Excerpts from a dataset
※ ※ ※
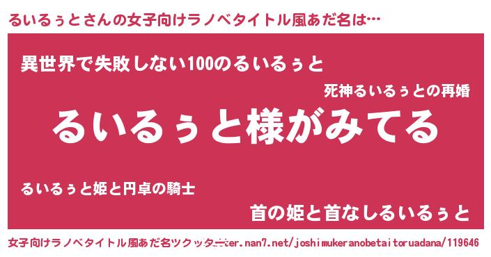 | ヘコむあだ名 | 『るいっちょ』『るいるぅと(笑)』 |
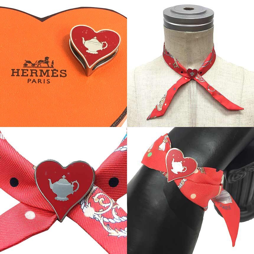 - セール HERMES エルメス ツイリー用 ティータイム ハート型 ルージュ シルバー金具 スカーフリング 2021年 秋冬 未使用 送料無料 aq6554
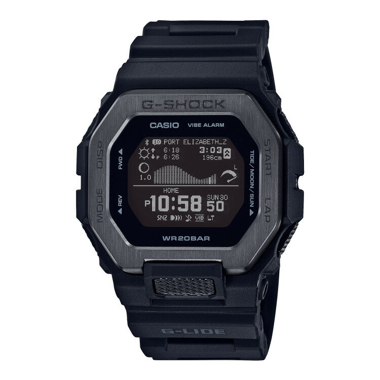ケース/ベゼル材質 樹脂/ステンレススチール 樹脂バンド 耐衝撃構造(ショックレジスト) 無機ガラス ブラックIP(ベゼル部) 20気圧防水 トレーニング機能 表示カスタマイズ(計測タイム、距離、ペース、ラップタイム、ラップ距離、ラップペース、平均ペース、速度、平均速度、消費カロリー) トレーニングログデータ(最大100走分、ラップデータはそれぞれ最大140本) 計測タイム、距離、ペース、消費カロリー ライフログデータ <デイリーデータ表示>歩数、<月間データ表示>走行距離 ユーザープロフィール設定機能 タイドグラフ(潮回り 3段階表示) ムーンデータ(月齢/月の形表示) 日の出日の入時刻表示 モバイルリンク バイブレーション機能 ワールドタイム ストップウオッチ タイマー 時刻アラーム4本(スヌーズ機能付き) パワーセービング機能 日付/曜日表示 フルオートカレンダー 12/24時間制表示切替 機内モード 操作音ON/OFF切替機能 操作バイブレーションON/OFF切替機能 LEDライト 電池寿命 約2年 サイズ(H×W×D) 50.9×46×14.7mm 質量 66g世界のトップサーファーから支持を受けるG-SHOCKのスポーツラインG-LIDE スマートフォン連携機能を搭載したGBX-100のナイトサーフィンをイメージしたダークトーンカラー このモデルはサーファーが必要とする潮汐情報や日の出/日の入時間を、専用アプリケーションに内蔵されている世界約3300カ所から選択し簡単に時計側に設定することができます。 ワイドフェイスで高精細なMIP(メモリインピクセル)液晶を採用することで視認性を高め、従来のモデルのタイドグラフ、ムーンデータ表示に加え、満潮/干潮時間、満潮/干潮の潮位、日の出/日の入時間を表示することが可能になりました。これにより一目で現在の状況を詳細に把握できるようにしました。 トレーニング計測機能(距離、速度、ペース、ラップ、ピッチ計測)と合わせて、世界を飛び回りタフに戦い抜くサーファーを手元からサポートします。 ベゼルは樹脂とメタルを組み合わせて構成し、ブラックIP(1JF)、ゴールドIP(4JF)を施しました。ベゼルのトップ部分はステンレスパーツを用い、ヘアラインとホーニング加工を施した仕上げ分けで強度と質感を両立したデザインに仕上げています。 姿勢が安定しない環境を想定し、上下左右からの衝撃に耐えられる樹脂のガード構造を用い、6時位置のボタンガードと共にG-SHOCKならではの耐衝撃性能を備えました。バンドには、6時位置の根元部分にフィット性と水、汗逃げを考慮したスリットが入ったソフトウレタンバンドを採用し、着け心地を追求しました。
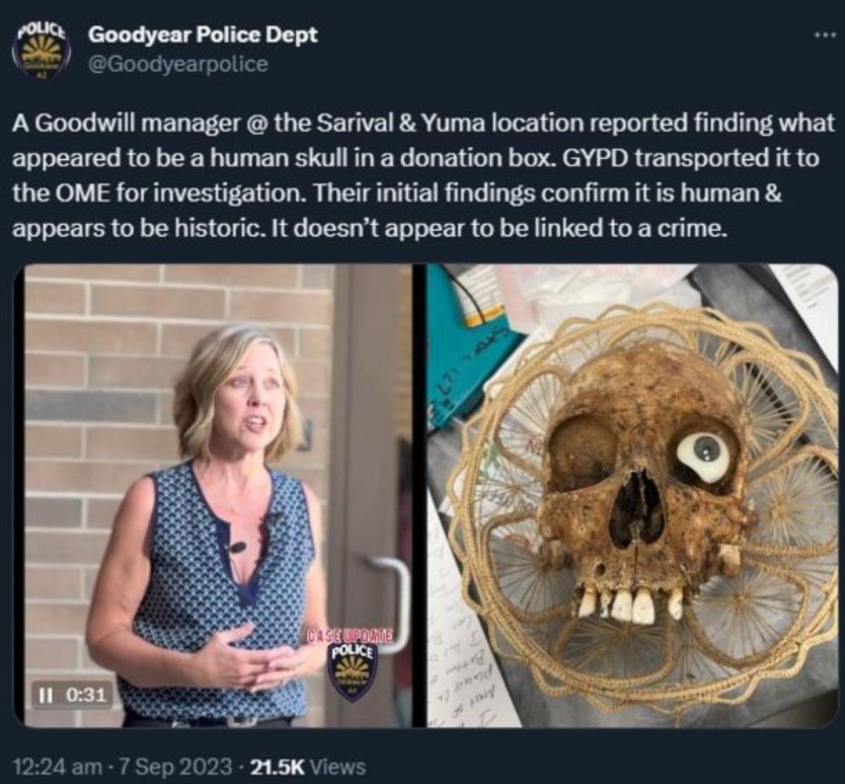 Polis Sözcüsü Lisa Berry, Maricopa Bölgesi Adli Tabip Ofisi'ndeki ilk incelemede "gerçekliği teyit edilen" kafatasının oldukça eski olduğunun ve hiçbir suçla bağlantılı bulunmadığının belirlendiğini, adli açıdan önem arz etmediğini açıkladı.
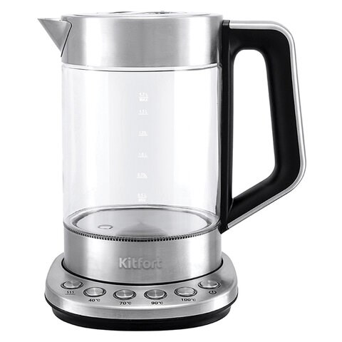 Чайник KITFORT КТ-622, 1,7 л, 2200 Вт, закрытый нагревательный элемент, ТЕРМОРЕГУЛЯТОР, заварник, стекло, серебро
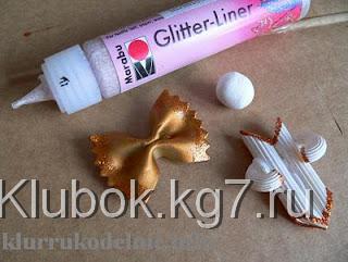 белой акриловой краской. Макаронные изделия "бантики" - крылья наших ангелочков
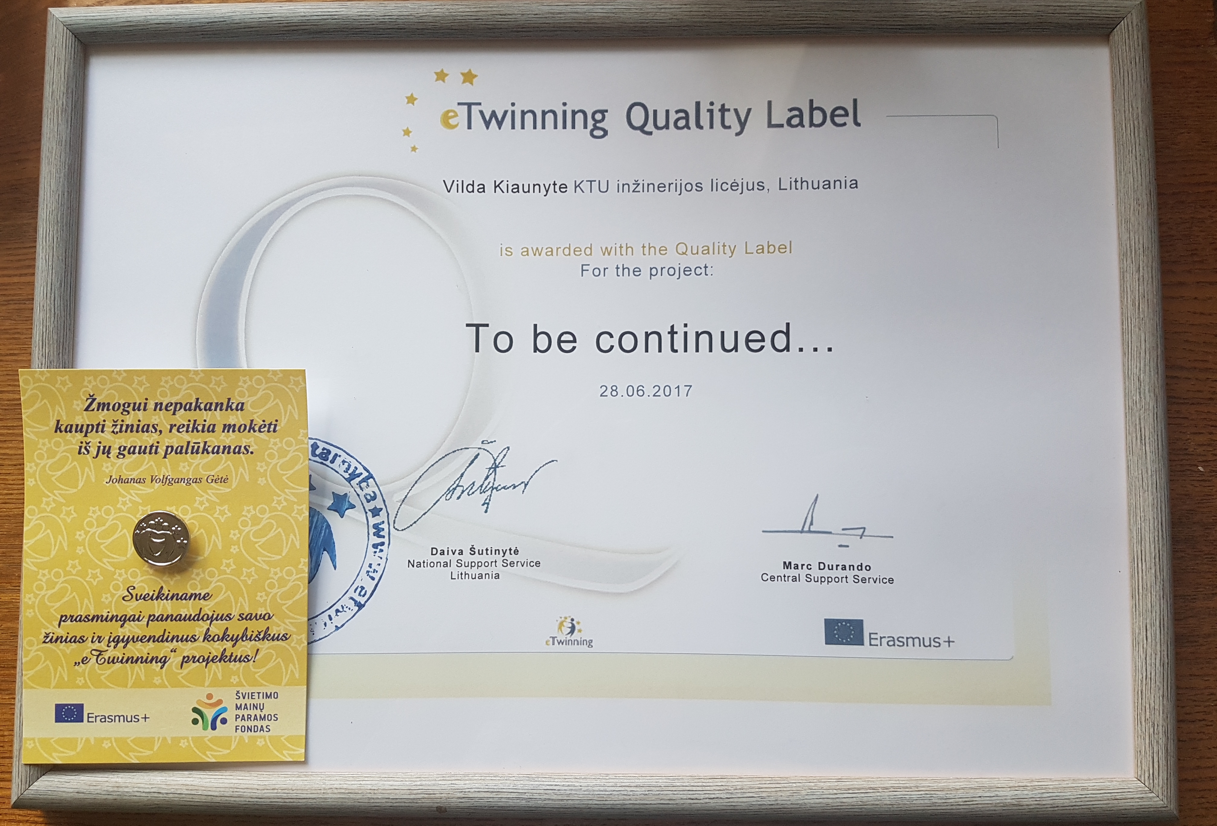 Š.m. rugpjūčio 23-25 dienomis Vilniuje, Crowne Plaza viešbutyje įvyko kasmetiniai tarpmokyklinių projektų programos eTwinning nacionaliniai apdovanojimai. Mūsų mokyklos mokytoja Vilda Kiaunytė taip pat atsiėmė nacionalinį eTwinning ženklelio apdovanojimą už 2016-2017 m. m. vykdytą tarptautinį projektą “To be continued…”. Projekto metu 7d ir 8c klasių mokiniai kūrė istoriją anglų kalba kartu su mokiniais iš Kauno “Aušros” gimnazijos, Kroatijos, Latvijos, Slovakijos ir Čekijos. Į projektą įsitraukė ir daugiau šalių grupių, todėl rezultatas – net trys skirtingos istorijos. Mokiniai iliustravo savo sukurtą istoriją „Corrupting Light“, vėliau pagal ją sukūrėir filmuką. Projektas buvo puikiai įvertintas tiek Lietuvos, tiek tarptautiniu lygiu – jam suteikta ne tik Lietuvos, bet ir Kroatijos bei Portugalijos nacionaliniai ženkleliai.
※ ※ ※
▸ **Task to complete**
Copy exactly, and only, the lines from the first entry through the line holding "- セール HERMES", both ends included, leaving out every picture.

▸ **Reply**
 | ヘコむあだ名 | 『るいっちょ』『るいるぅと(笑)』 |
 - セール HERMES エルメス ツイリー用 ティータイム ハート型 ルージュ シルバー金具 スカーフリング 2021年 秋冬 未使用 送料無料 aq6554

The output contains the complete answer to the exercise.